● **Source data**
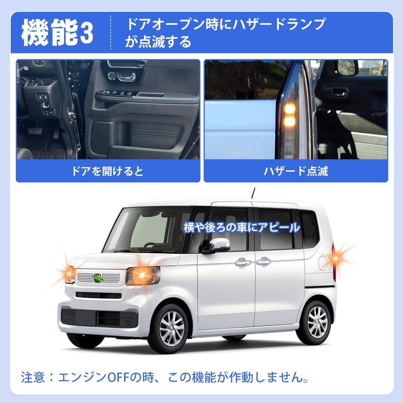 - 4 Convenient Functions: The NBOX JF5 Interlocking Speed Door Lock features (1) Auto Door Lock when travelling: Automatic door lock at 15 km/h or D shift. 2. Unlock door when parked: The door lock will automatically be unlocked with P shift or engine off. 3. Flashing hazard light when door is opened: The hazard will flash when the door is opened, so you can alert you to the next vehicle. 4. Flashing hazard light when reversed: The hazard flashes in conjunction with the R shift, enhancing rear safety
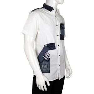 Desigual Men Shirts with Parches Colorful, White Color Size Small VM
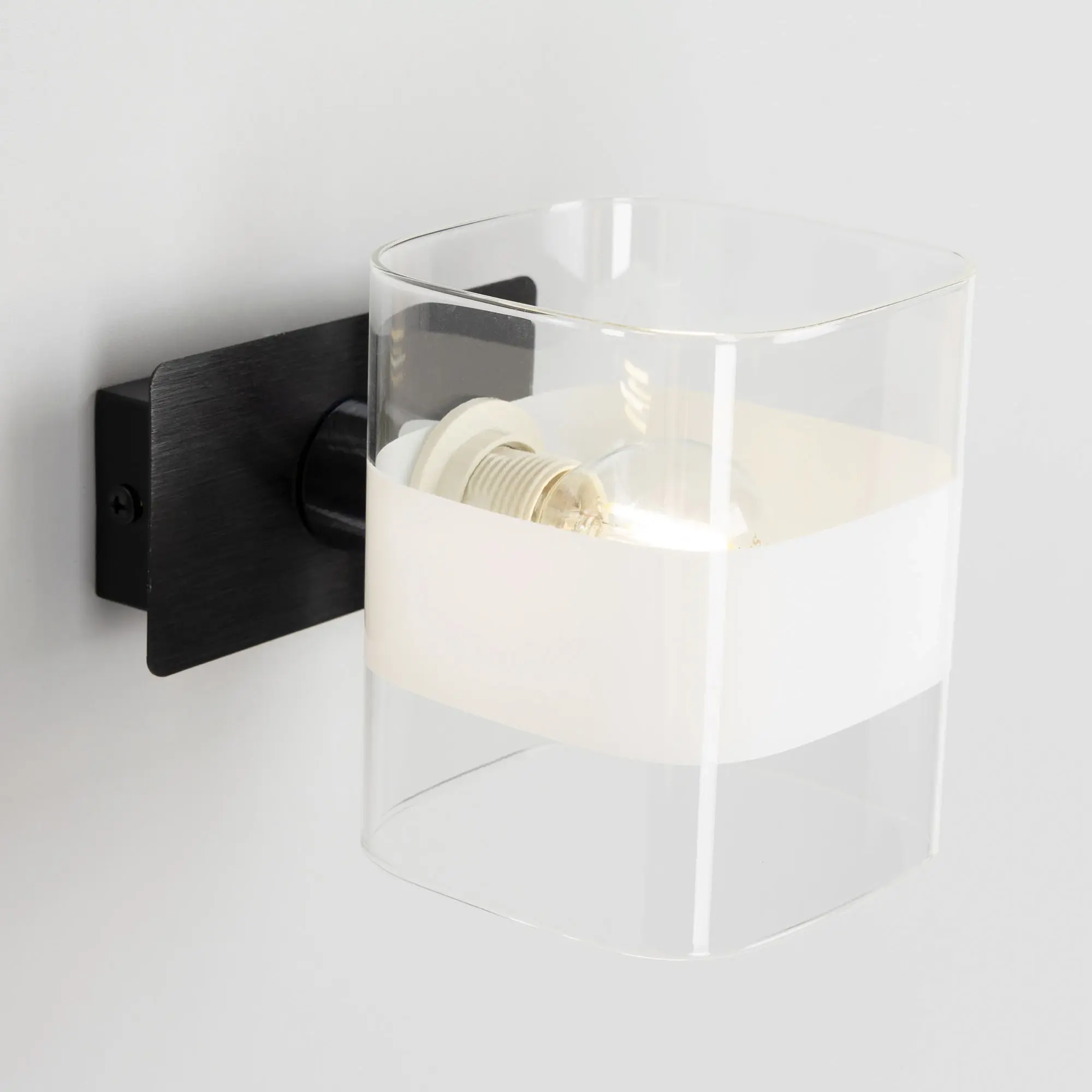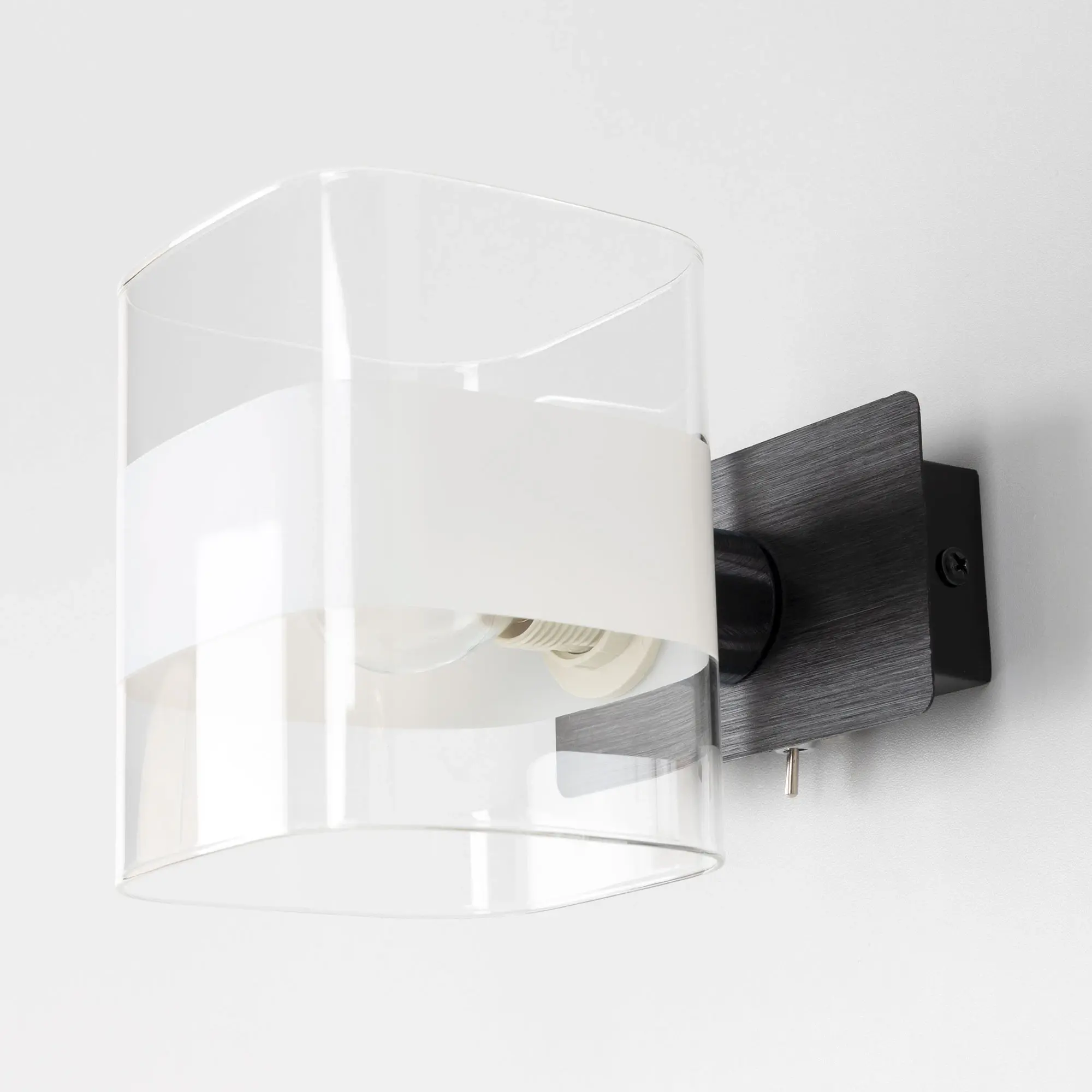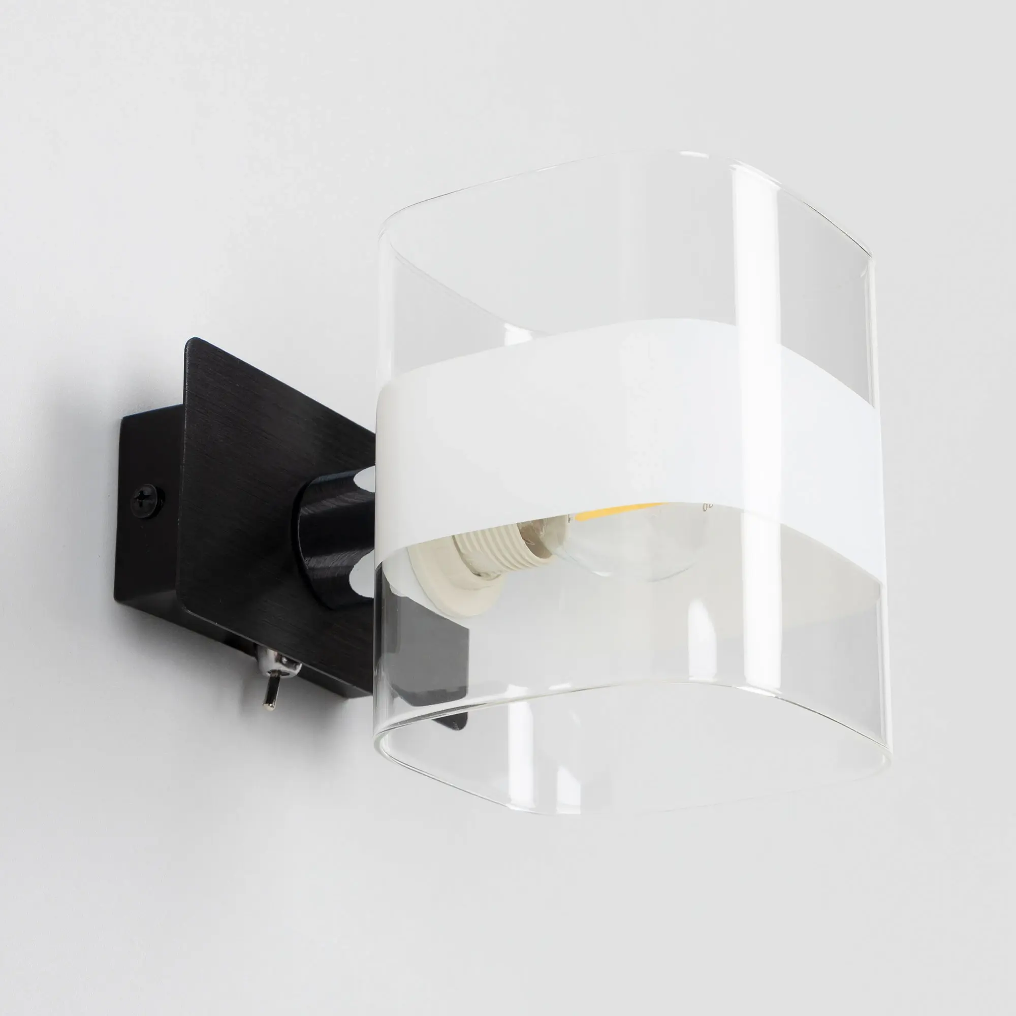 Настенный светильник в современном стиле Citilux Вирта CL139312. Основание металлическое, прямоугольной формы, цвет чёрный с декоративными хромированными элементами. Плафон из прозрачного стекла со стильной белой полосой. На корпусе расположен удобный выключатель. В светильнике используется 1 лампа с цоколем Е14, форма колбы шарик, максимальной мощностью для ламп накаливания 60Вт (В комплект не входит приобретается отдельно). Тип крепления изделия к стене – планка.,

---

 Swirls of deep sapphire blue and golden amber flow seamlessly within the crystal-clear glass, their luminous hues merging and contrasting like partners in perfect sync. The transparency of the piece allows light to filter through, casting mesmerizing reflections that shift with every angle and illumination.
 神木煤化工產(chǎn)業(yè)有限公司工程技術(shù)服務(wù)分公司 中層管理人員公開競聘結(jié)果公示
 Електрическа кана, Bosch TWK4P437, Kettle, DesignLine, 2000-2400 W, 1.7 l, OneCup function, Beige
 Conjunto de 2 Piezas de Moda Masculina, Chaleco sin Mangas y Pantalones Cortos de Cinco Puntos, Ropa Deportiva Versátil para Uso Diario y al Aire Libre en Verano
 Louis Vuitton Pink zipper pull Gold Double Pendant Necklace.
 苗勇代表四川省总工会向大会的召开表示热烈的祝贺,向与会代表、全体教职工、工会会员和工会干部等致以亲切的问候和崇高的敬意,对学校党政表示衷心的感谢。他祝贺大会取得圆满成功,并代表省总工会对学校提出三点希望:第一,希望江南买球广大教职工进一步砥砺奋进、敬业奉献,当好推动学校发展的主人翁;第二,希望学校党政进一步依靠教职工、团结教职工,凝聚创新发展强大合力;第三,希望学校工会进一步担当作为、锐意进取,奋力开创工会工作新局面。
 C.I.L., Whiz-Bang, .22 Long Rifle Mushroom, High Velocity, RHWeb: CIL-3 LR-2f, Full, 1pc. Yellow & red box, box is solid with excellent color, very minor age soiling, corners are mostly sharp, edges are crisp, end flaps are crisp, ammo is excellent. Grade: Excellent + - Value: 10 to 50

● **Instructions to follow**
Find the line with "Електрическа кана, Bosch" in the material above. Reproduce it and each line after it up to and including the line with "苗勇代表四川省总工会向大会的".

● **Your solution**
 Електрическа кана, Bosch TWK4P437, Kettle, DesignLine, 2000-2400 W, 1.7 l, OneCup function, Beige
 Conjunto de 2 Piezas de Moda Masculina, Chaleco sin Mangas y Pantalones Cortos de Cinco Puntos, Ropa Deportiva Versátil para Uso Diario y al Aire Libre en Verano
 Louis Vuitton Pink zipper pull Gold Double Pendant Necklace.
 苗勇代表四川省总工会向大会的召开表示热烈的祝贺,向与会代表、全体教职工、工会会员和工会干部等致以亲切的问候和崇高的敬意,对学校党政表示衷心的感谢。他祝贺大会取得圆满成功,并代表省总工会对学校提出三点希望:第一,希望江南买球广大教职工进一步砥砺奋进、敬业奉献,当好推动学校发展的主人翁;第二,希望学校党政进一步依靠教职工、团结教职工,凝聚创新发展强大合力;第三,希望学校工会进一步担当作为、锐意进取,奋力开创工会工作新局面。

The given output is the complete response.